Зал взорвался аплодисментами.
– Да!
– Согласны!
Феодор с Периклом переглянулись…
На закате опоясывающую агору веревку сняли, ворота общественных зданий, алтарей, храмов были заперты на ключ, после чего от трех холмов – Муз, Нимф и Пникса – во все стороны потянулись ручейки служилого люда. Курчавые мраморные головы строго взирали с герм времен Клисфена и Кимона на бредущих по пыльным улочкам жрецов, магистратов, писарей…
Слившись на Панафинейской дороге в многолюдный поток, горожане направлялись к Священным воротам, за которыми многих ждали двуколки, чтобы развезти по демам. Усталые, но довольные члены Совета обсуждали блестящую речь Первого стратега.
На следующий день камнерезы вкопали перед Пропилеями Акрополя столб с надписью о декрете Перикла снарядить экспедицию на Боспор и принести быка в жертву Аполлону Архагету, покровителю колонизаторов, которая заканчивалась пожеланием: «Счастливой судьбы!»
4
Эскадра Перикла продвигалась вдоль Халкидики. Слева по борту тянулся скалистый и неприветливый берег мыса Нимфейон.
Триеры выстроились в кильватерные колонны, стараясь не отрываться от тихоходных пентеконтер[72] и тяжелых грузовых гиппосов[73]. На этот раз охрана торговых лембов[74], которые изо всех сил поспевали за боевыми кораблями, в задачу моряков не входила. Но пираты при виде афинских вымпелов вытаскивали лодки на берег и бежали в горы, поэтому за купцов можно было не опасаться.
Флагман шел во главе эскадры, вспарывая тараном волны. Вестовой весь день не слезал с марса. Первый стратег лично руководил маневром – место опасное, пятьдесят пять лет назад здесь во время бури разбился флот персидского наварха[75] Мардония. Двадцать тысяч гребцов и солдат пошли на корм рыбам.

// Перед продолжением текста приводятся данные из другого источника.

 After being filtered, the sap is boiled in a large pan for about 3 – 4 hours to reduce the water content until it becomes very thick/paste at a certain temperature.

Сейчас триерам ничто не угрожало.
Море тихо колыхалось за бортом, швыряя брызги не выше планшира, так что оба кормчих обходились без положенного на вахте бурнуса из бобровых шкур. От обитой красной медью лошадиной головы разбегались буруны. Черные глаза корабля смотрели с лоснящихся от смазки скул за горизонт.

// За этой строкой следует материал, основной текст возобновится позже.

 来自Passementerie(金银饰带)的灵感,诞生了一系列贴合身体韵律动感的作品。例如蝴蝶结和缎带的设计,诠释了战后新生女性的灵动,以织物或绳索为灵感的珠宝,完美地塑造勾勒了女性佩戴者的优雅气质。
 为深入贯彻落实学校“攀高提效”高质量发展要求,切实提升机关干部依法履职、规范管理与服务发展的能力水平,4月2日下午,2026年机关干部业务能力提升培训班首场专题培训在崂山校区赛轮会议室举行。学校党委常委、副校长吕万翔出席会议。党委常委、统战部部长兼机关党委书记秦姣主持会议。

Матросы драили все, что может блестеть.
Эпибаты[76] изнывали от безделья и жажды на палубных досках. Воины сидели, разделившись на лохи[77], так же, как шли бы в атаку при высадке. Каждому подразделению полагалась гидрия с пресной водой, но оба лохага словно сговорились – спали, накрывшись плащами. А как пить без команды?
Распущенный прямоугольный парус то вяло обвисал, то с хлопаньем выгибался под порывами северо-западного скирона, при этом промасленные канаты натягивались так, что казалось: тронь – и они зазвенят. Огромная афинская сова удивленно таращилась на морской простор с холстины, повернув голову набок.

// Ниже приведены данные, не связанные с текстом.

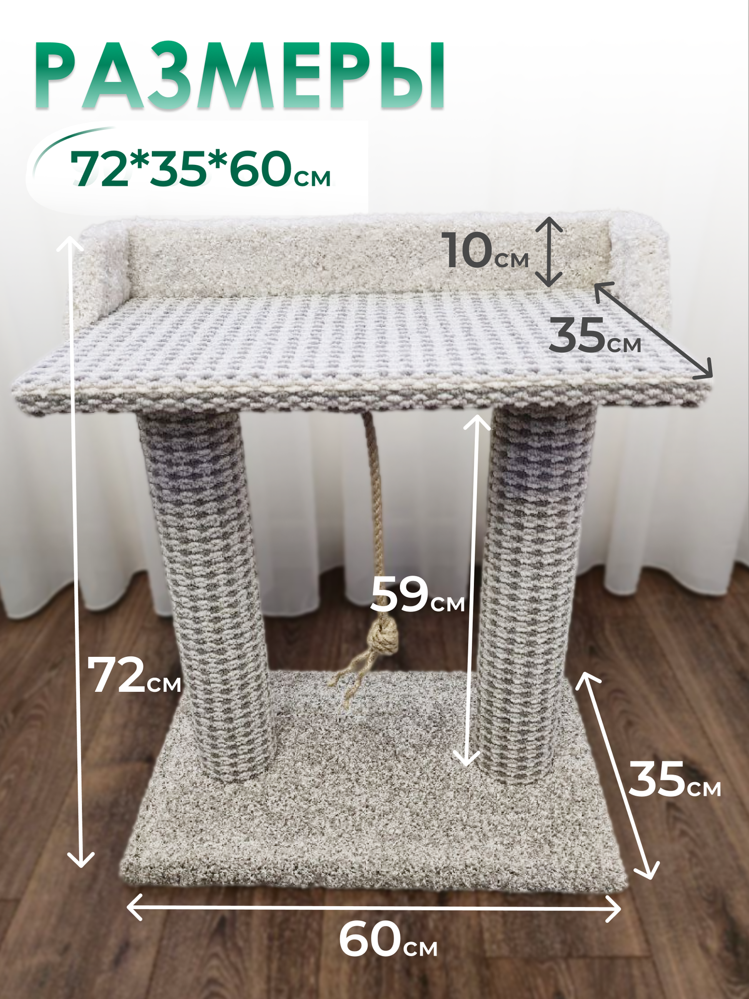 Уютная когтеточка с лежанкой для вашего пушистого друга! Эта стильная и устойчивая когтеточка станет любимым местом отдыха вашей кошки, обеспечивая ей комфорт и возможность поточить когти в одном месте.

Еще в Сароническом заливе, как только триера миновала остров Эгина, команда втащила весла внутрь и привязала ремнями к шпангоутам, после чего затянула весельные порты пластырями.
Наступило время трюмной работы: одни гребцы смазывали жиром кожаные рукава, другие ремонтировали уключины, третьи в тесноте, натыкаясь друг на друга, вычерпывали застоявшуюся воду мехами, передавая их наверх. Гребцы верхнего яруса, набранные из портовых грузчиков, самые сильные и выносливые в команде, выплескивали теплую вонючую жижу за борт. Келейст[78] орал как умалишенный, угрожая лишить лентяев положенной драхмы за дневную работу…
К вечеру эскадра вышла в Стримонский залив.
Под завитком форштевня на флагманском корабле укрылся шатер из обтянутых кожей жердей, где вела беседу группа офицеров. Сидели на дифросах[79].
Двое матросов, отбив острое дно амфоры, осторожно вылили содержимое через цедилку в большой кратер. Перикл отпустил слуг: ничего, сами будем наливать, лишние уши нам ни к чему.
Сначала каждый плеснул вина в море, чтобы умилостивить Посейдона. Пили хиосское из простых керамических котил[80], по-походному. И как настоящие моряки – неразбавленное.
Перикл предложил тост за назначение Спартока главой Пантикапея.
Выпив, обратился к одрису:
– Первый шаг сделан! Но должен тебе сказать, что за власть на Боспоре еще придется побороться. Кизик так просто ее не отдаст. Мы не знаем, в каких отношениях Кизик с номархом скифов Октамасадом, поэтому сразу на Пантикапей идти нельзя. Если они союзники, нам объединенную армию наскоком не одолеть. Сначала возьмем Нимфей, выждем: может быть, удастся привлечь Октамасада на свою сторону. Скифам выгодней собирать дань, чем воевать. Да и вообще… торговать выгодно всем – и грекам, и скифам.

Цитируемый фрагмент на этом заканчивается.